[WORK REQUIRED] In the entries that follow, the lines from the line containing "Three Prayers for" up to and including the line containing "杰克琼斯男装秋冬季牛仔外套夹克翻领水洗磨白背后复古印花图案潮" must be copied exactly, with pictures omitted.

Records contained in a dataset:
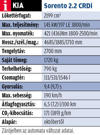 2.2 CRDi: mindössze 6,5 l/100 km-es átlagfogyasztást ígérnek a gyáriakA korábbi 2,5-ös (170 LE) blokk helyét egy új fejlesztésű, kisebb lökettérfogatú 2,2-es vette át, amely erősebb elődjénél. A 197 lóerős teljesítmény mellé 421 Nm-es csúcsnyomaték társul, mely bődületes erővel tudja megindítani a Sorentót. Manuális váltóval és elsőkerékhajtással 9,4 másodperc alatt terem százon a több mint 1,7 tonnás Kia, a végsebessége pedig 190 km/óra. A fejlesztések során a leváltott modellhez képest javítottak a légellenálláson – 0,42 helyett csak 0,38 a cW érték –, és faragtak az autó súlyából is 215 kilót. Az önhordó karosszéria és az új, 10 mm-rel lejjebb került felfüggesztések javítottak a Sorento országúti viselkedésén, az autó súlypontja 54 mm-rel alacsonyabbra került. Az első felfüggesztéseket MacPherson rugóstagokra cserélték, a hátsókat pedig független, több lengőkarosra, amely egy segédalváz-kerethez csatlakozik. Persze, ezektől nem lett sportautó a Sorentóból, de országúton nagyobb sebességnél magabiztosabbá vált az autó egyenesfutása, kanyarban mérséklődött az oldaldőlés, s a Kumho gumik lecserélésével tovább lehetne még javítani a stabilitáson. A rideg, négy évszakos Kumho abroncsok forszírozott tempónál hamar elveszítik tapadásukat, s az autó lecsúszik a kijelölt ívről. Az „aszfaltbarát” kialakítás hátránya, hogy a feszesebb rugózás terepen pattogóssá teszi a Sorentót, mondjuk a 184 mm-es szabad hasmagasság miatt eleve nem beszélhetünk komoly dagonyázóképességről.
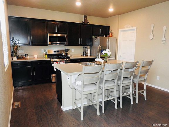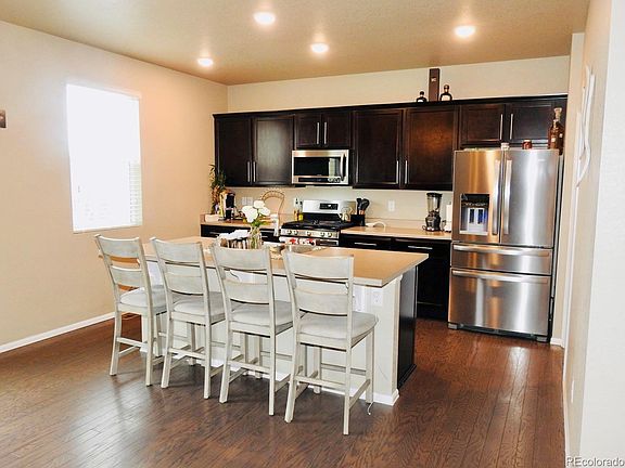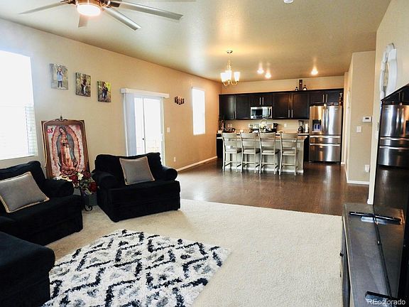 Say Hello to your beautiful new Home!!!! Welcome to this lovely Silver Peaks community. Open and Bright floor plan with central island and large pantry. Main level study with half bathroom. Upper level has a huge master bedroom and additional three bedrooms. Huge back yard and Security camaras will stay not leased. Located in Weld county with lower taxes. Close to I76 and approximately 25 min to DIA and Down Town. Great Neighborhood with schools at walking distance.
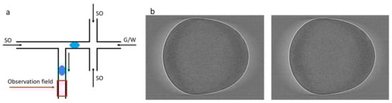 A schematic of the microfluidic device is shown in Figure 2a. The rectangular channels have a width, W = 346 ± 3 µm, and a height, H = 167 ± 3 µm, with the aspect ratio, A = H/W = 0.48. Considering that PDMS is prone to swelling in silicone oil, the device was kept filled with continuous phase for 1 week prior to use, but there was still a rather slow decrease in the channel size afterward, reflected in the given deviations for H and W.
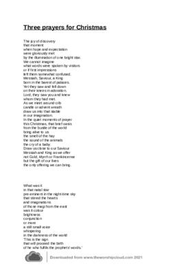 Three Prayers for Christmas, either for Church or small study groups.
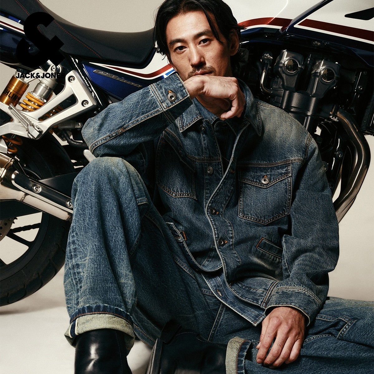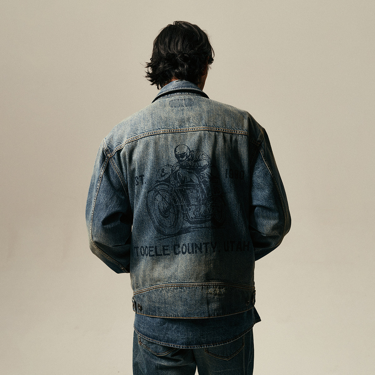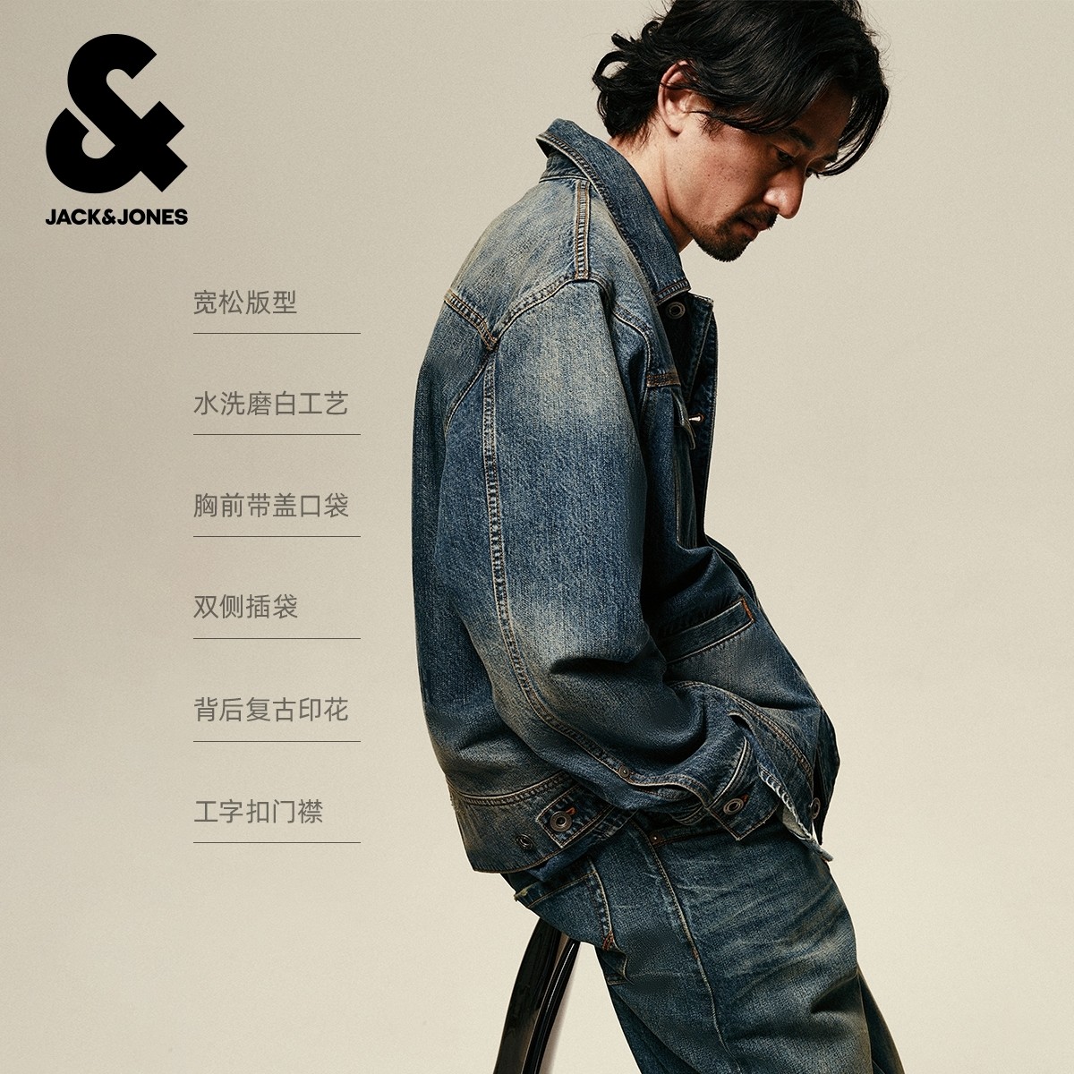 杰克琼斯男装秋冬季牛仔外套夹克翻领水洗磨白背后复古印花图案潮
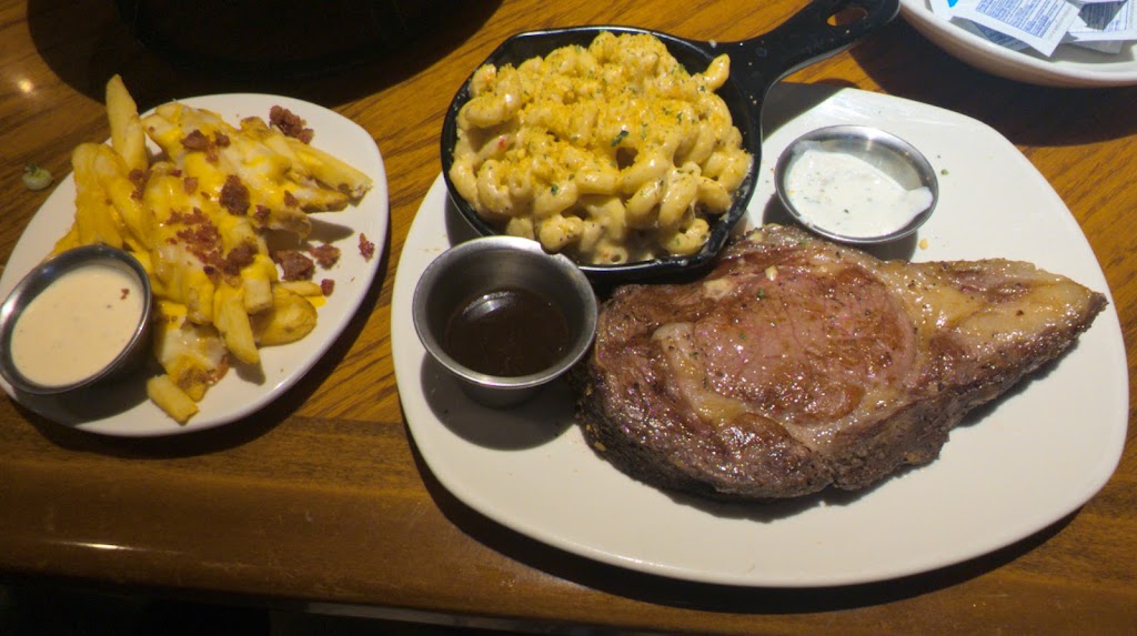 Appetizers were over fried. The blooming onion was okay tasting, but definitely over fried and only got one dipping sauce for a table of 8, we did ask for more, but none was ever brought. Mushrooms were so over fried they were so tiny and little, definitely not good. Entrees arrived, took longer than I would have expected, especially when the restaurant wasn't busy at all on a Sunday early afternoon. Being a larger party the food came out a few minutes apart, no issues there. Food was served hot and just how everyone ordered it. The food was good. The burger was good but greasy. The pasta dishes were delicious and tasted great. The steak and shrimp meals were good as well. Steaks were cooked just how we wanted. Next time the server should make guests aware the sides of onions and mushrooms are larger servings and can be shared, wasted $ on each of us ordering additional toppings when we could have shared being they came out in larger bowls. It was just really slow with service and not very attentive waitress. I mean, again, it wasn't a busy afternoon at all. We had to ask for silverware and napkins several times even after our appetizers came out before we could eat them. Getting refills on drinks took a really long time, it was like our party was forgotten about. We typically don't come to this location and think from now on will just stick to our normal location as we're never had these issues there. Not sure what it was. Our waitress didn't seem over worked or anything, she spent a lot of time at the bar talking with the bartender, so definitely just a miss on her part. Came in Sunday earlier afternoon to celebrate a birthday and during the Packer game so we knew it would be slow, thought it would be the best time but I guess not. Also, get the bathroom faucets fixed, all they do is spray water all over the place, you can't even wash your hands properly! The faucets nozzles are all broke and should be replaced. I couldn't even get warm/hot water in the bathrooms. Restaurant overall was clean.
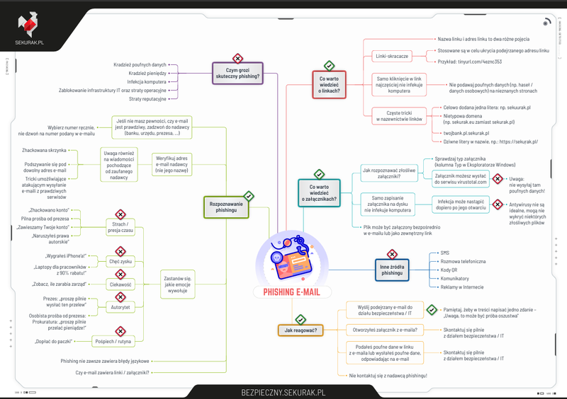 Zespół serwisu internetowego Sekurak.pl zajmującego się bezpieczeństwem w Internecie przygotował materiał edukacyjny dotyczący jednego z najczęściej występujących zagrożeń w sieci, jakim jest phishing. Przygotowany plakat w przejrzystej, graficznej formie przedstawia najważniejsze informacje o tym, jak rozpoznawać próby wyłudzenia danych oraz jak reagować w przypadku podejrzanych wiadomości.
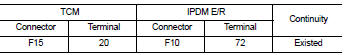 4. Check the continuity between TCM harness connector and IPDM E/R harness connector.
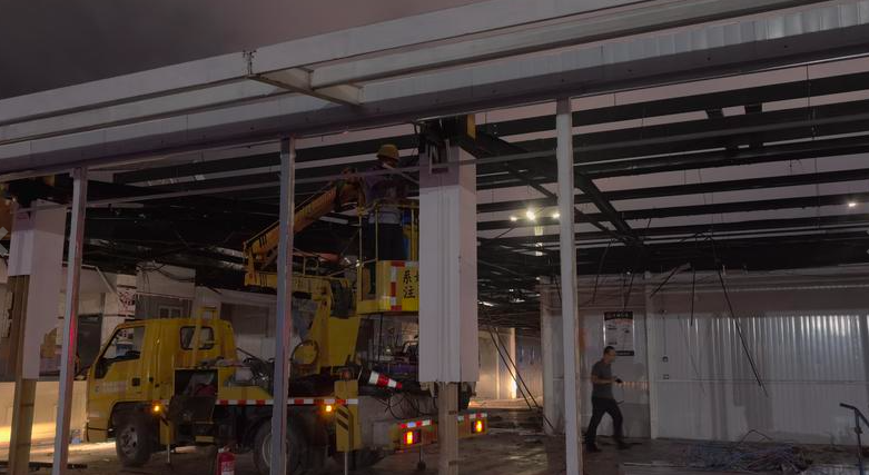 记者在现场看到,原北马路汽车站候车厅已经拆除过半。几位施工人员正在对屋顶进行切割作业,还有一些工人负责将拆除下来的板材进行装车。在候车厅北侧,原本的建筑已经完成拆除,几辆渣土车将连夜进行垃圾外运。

[ANSWER AREA]
 Three Prayers for Christmas, either for Church or small study groups.
 杰克琼斯男装秋冬季牛仔外套夹克翻领水洗磨白背后复古印花图案潮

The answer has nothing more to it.